Solche Faktoren können im Online-Business beispielsweise sein:

  • Cost of Acquisition: Was kostet es uns, einen Nutzer über Werbemaßnahmen auf unseren Shop zu bringen?
  • Conversion Rate: Welcher Anteil der Besucher kauft?
  • Avg. Customer Value: Wie viel kauft ein durchschnittlicher Kunde?
  • Total Cost: Was sind unsere Kosten, welche davon fix, welche sind variabel?
  • Marge: Was verdienen wir an einem Verkauf?
  • Break-Even: Wie viel müssen wir verkaufen, um profitabel zu sein?

Diese Zahlen sind für unseren Business Case entscheidend. Wir können uns damit ausrechnen, wie viel Marketing-Budget wir für welchen Umsatz brauchen, wie viel Geld wir insgesamt brauchen, welche Ressourcen für welchen Umsatz etc.

Skill 2: Verkaufen

Jedes Geschäft steht und fällt mit dem Verkaufen.

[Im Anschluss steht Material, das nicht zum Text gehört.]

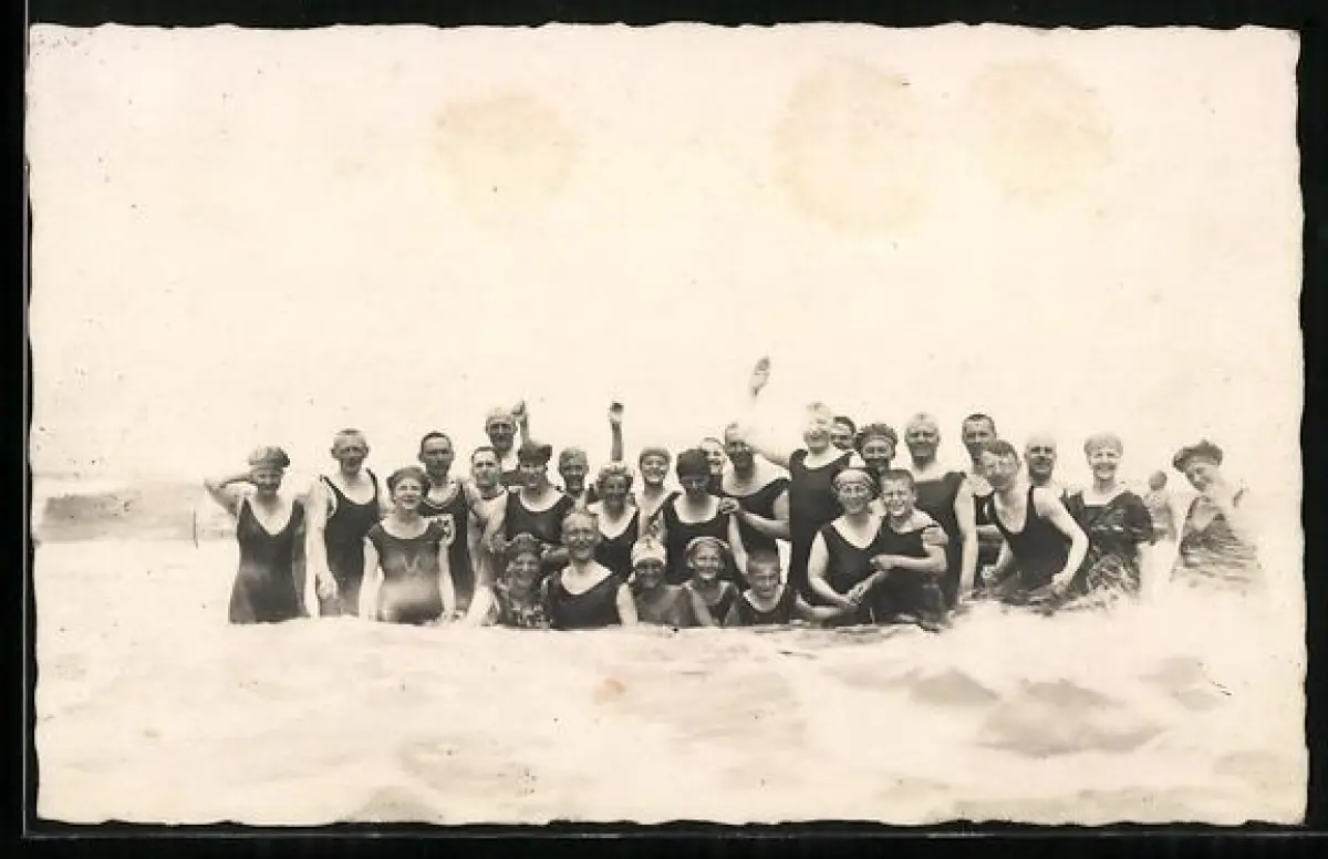 AK Juist, Männer, Frauen und Kinder in Badeanzügen in der Nordsee

Entweder online: dann besteht Spielfeld des Verkäufers aus Ads, Conversion Funnels, Bounce Rates etc. Oder wir müssen von Mensch zu Mensch verkaufen. Die Kunst des Verkaufens ist aus meiner Sicht in unserem Bildungswesen extrem unterschätzt.  Wer von euch hat  in der Schule oder im Studium das Verkaufen gelernt?

Verkaufen hat in Deutschland ein schlechtes Image, völlig zu Unrecht. Echtes Verkaufen bedeutet nicht, den Kunden etwas Aufzuschwätzen, was sie gar nicht haben wollen. Ein guter Verkäufer löst ein echtes Problem des Kunden. Ein Verkäufer bringt den Nutzen eines Produktes zum Kunden.

Das Verkaufen kann und muss man lernen, es hilft einem aber auch wie keine der anderen Fähigkeiten beim Lernen. In letzter Konsequenz erfahren wir als Unternehmer erst dann, ob unser Produkt wirklich attraktiv ist, wenn der Kunde den Geldbeutel aufmachen muss. Oft rückt er erst dann mit den echten Bedenken raus.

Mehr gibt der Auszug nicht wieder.